--- START ---

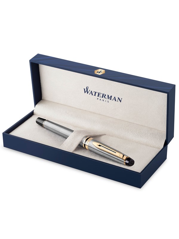 Waterman Expert Fountain Pen | Stainless Steel with 23k Gold Trim | Fine Nib | Gift Box
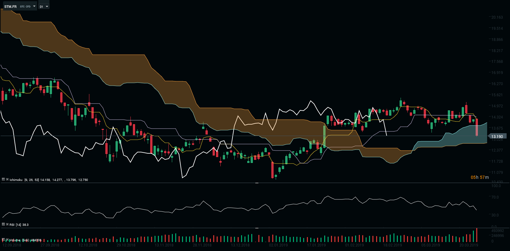 Sur le plan technique, en horizon journalier (D1), les prix sont capés par les courbes « Tenkan » et « Kiljun ». Le titre a plongé dans le nuage bleu « Kumo » en franchissant la « SSA » (courbe bleu), mais la «SSB » joue le rôle de support. La « laggin span » (courbe blanche), à l’instar du RSI (38,3), est orienté à la baisse. Nous avons un biais baissier sur le titre à court terme.
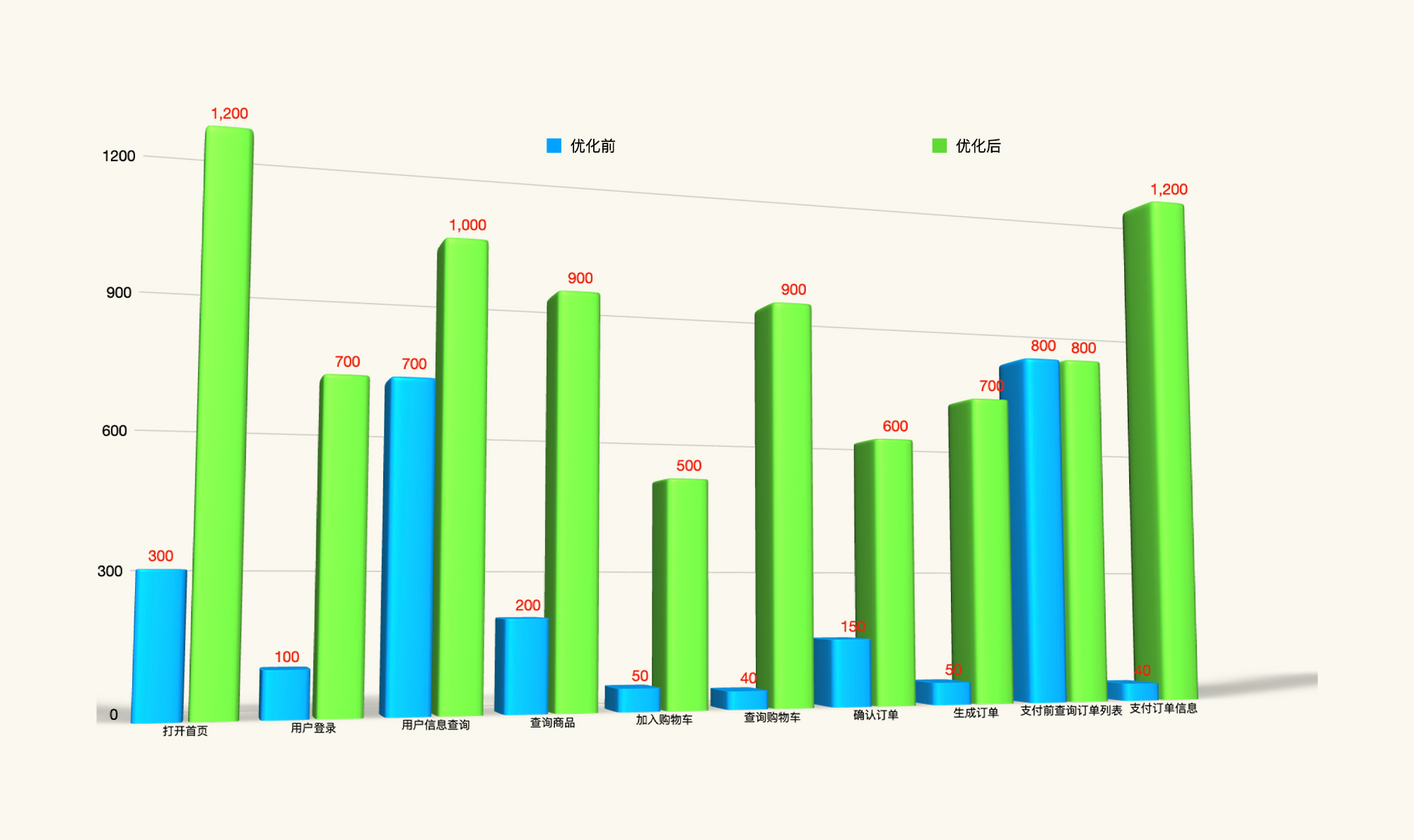 我们先画出每个业务的基准场景,在优化前和优化后的TPS对比图表:
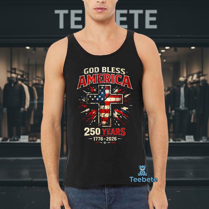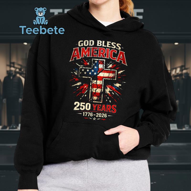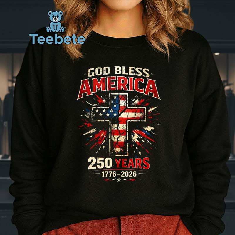 The intricate design of the God Bless America 250 Years 1776-2026 Cross Flag Patriotic Tee captivates onlookers with its powerful visual symphony. Saturated hues of red, white, and blue blend seamlessly against the backdrop, while a large, central graphic featuring an iconic cross-flag motif boldly communicates the theme of patriotism. Surrounding this centerpiece, dynamic typography boldly spells out “God Bless America,” enhancing the festive spirit. The full-coverage print effectively captures the essence of celebration, ensuring every detail is visible from any angle, making it a standout Patriotic America T-Shirt.
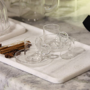 The PIUMA Coffee Cup Set presents a minimalist clear glass design contemporary for your most apparent signatures: a handle that allows you to cup your morning coffee easily. This coffee cup's contour has an understated yet perfect sylph for holding beverage service.
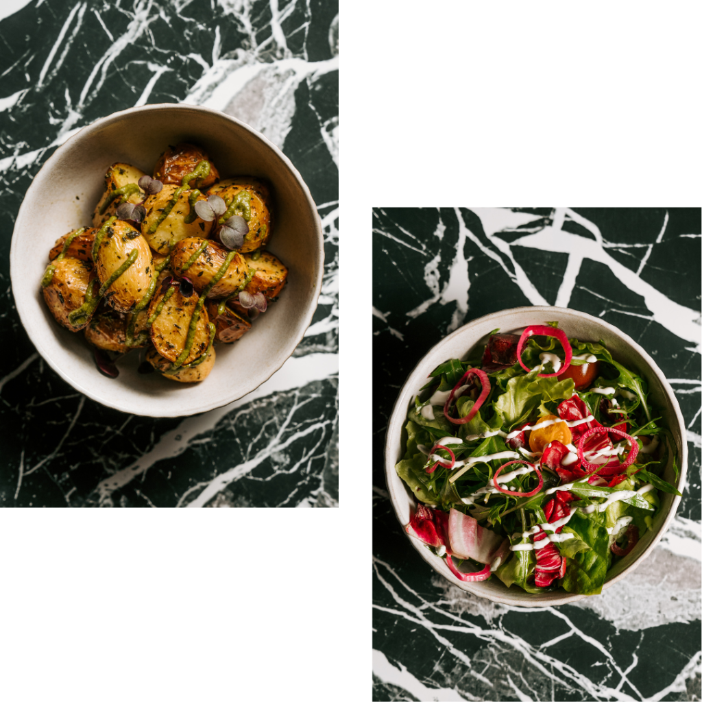 LEFT: Roasted chat potatoes, salsa verde, rosemary salt, micro radish [vg gf df nf]
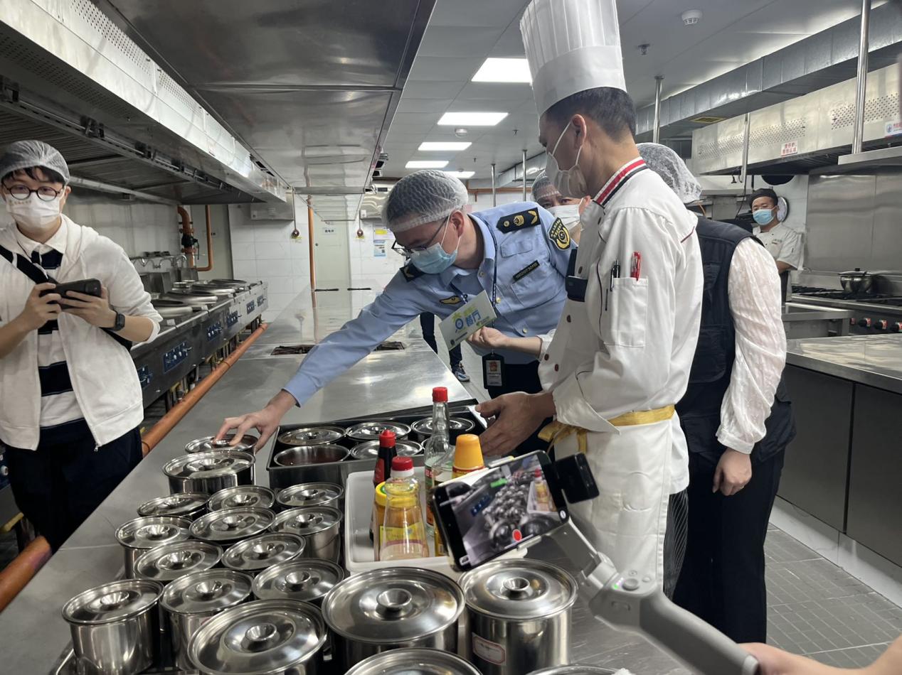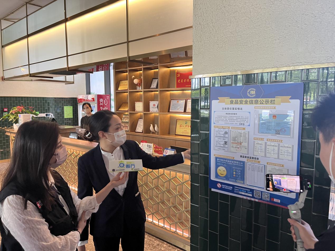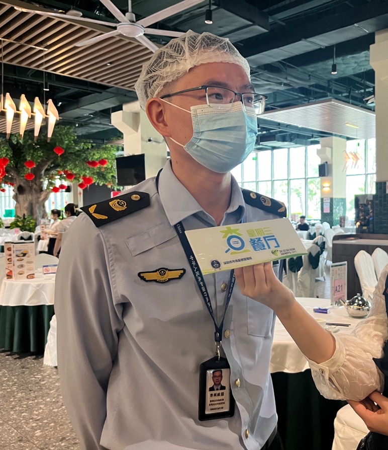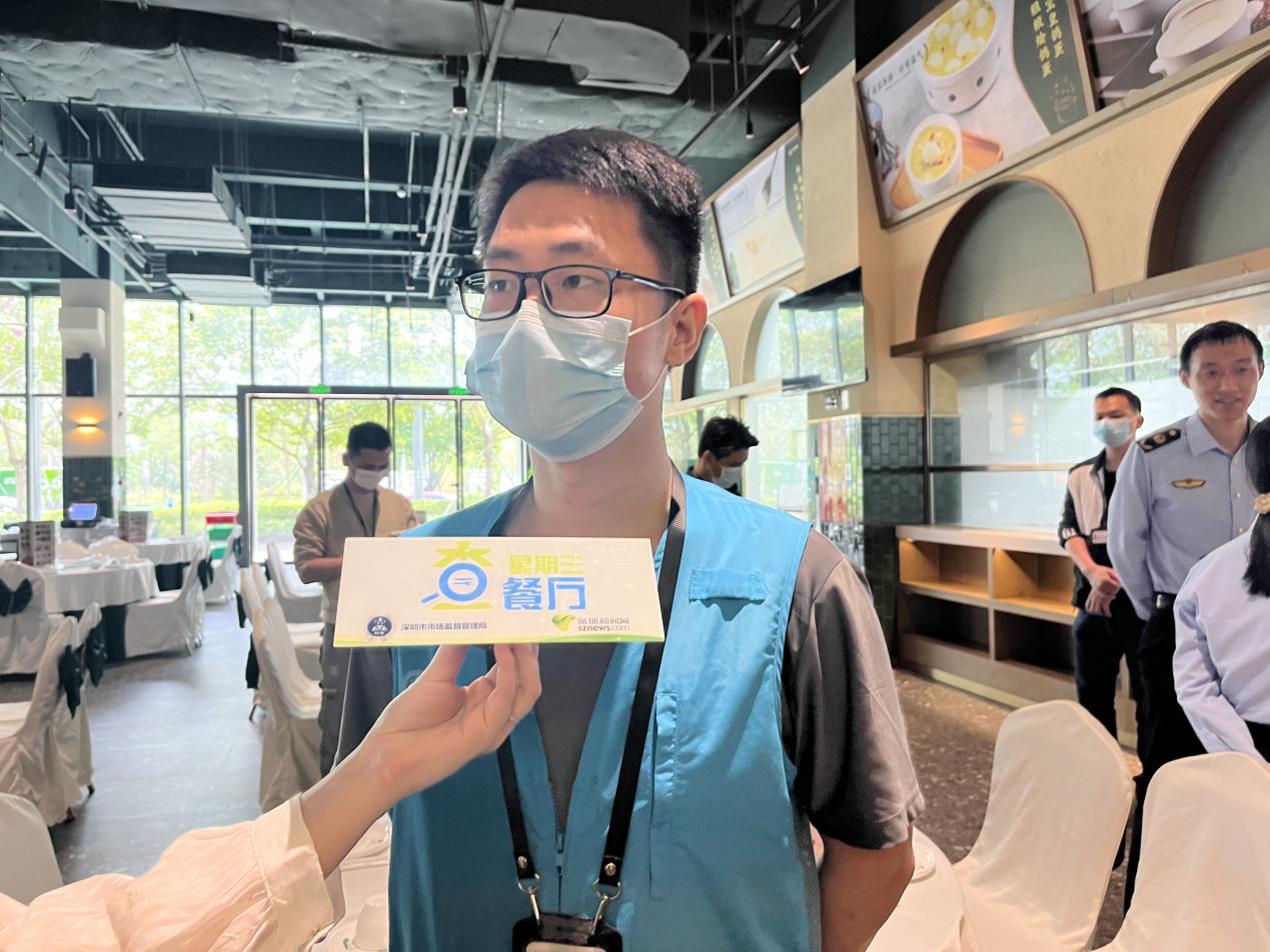根据食品安全相关法律法规,执法人员依次对该餐厅的证照资质、后厨卫生、标签标识、索证索票等情况进行检查。本次出镜的执法人员是来自深圳市市场监督管理局光明监管局的曾剑威、刘文军。

--- END ---

Would you restate, word for word, the lines from the one holding "The PIUMA Coffee" through the end of the material above? Omit the pictures.

 The PIUMA Coffee Cup Set presents a minimalist clear glass design contemporary for your most apparent signatures: a handle that allows you to cup your morning coffee easily. This coffee cup's contour has an understated yet perfect sylph for holding beverage service.
 LEFT: Roasted chat potatoes, salsa verde, rosemary salt, micro radish [vg gf df nf]
根据食品安全相关法律法规,执法人员依次对该餐厅的证照资质、后厨卫生、标签标识、索证索票等情况进行检查。本次出镜的执法人员是来自深圳市市场监督管理局光明监管局的曾剑威、刘文军。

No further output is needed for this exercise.